I am writing a script to split the text into sentences with Python. However I am quite bad with writing more complex regular expressions.

There are 5 rules according to which I wish to split the sentences. I want to split sentences if they:

* end with "!"  or
* end with "?"  or
* end with "..."  or
* end with "." and the full stop is not followed by a number  or
* end with "." and the full stop is followed by a whitespace

What would be the regular expression for this for Python?

hippietrail
  • 15,848
  • 18
  • 99
  • 158
Helena
  • 921
  • 1
  • 15
  • 24
  • Do you need to *retain* the ending characters? – Martijn Pieters Nov 08 '13 at 12:31
  • 3
    Showing your previous attempts will be a nice addition to the question :) – aIKid Nov 08 '13 at 12:36
  • So far I have a very basic code: import re splitter = r"\.(?!\d)" re.split(splitter, s) But it splits "U.S.A" into three sentences and "Hey..." is four sentences I don't need to retain the ending characters. – Helena Nov 08 '13 at 12:39
  • is using a library and option for you?

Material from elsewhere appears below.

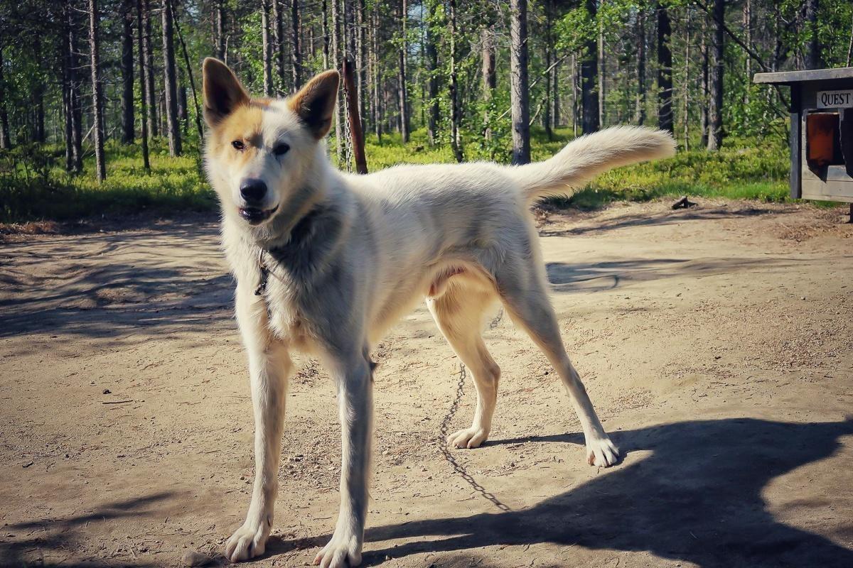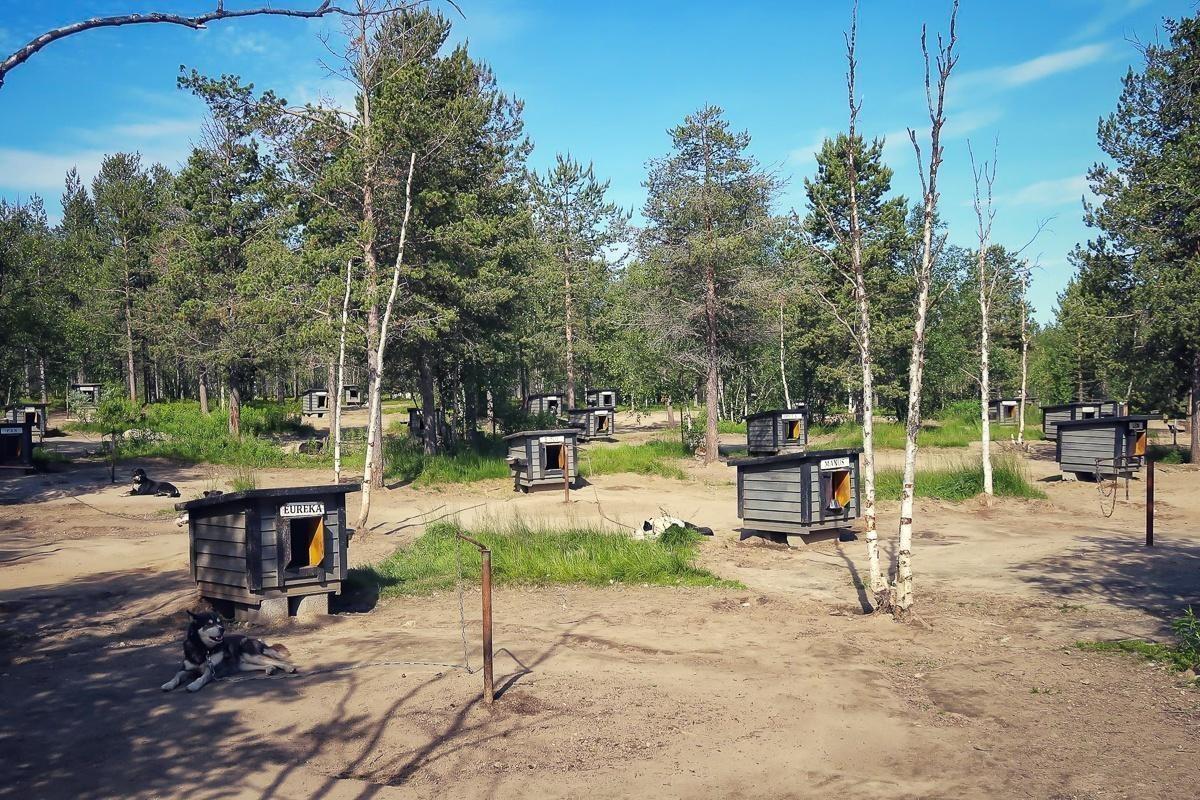 Hundehäuser stehen in einem bewaldeten Bereich mit Gras und Sandboden

If you are doing this to do some Natural Language processing I really advice you to take another approach. – Hossein Nov 08 '13 at 12:40
  • The task is to write a simple algorithm on your own, so a library is not an option – Helena Nov 08 '13 at 12:43
  • Guess this and assignment or homework then. Take a look at this, it may give you some idea: http://stackoverflow.com/questions/6745592/sentence-segmentation-using-regex?rq=1 – Hossein Nov 08 '13 at 12:48

1 Answers1

3

You can literally translate your five bullet points to a regular expression:

!|\?|\.{3}|\.\D|\.\s

Note that I'm simply creating an alternation consisting of five alternatives, each of which represents one of your bullet points:

  • !
  • \?
  • \.{3}
  • \.\D
  • \.\s

Since the dot (.) and the question mark (?) are special characters within a regular expression pattern, they need to be escaped by a backslash (\) to be treated as literals. The pipe (|) is the delimiting character between two alternatives.

Using the above regular expression, you can then split your text into sentences using re.split.

Marius Schulz
  • 15,976
  • 12
  • 63
  • 97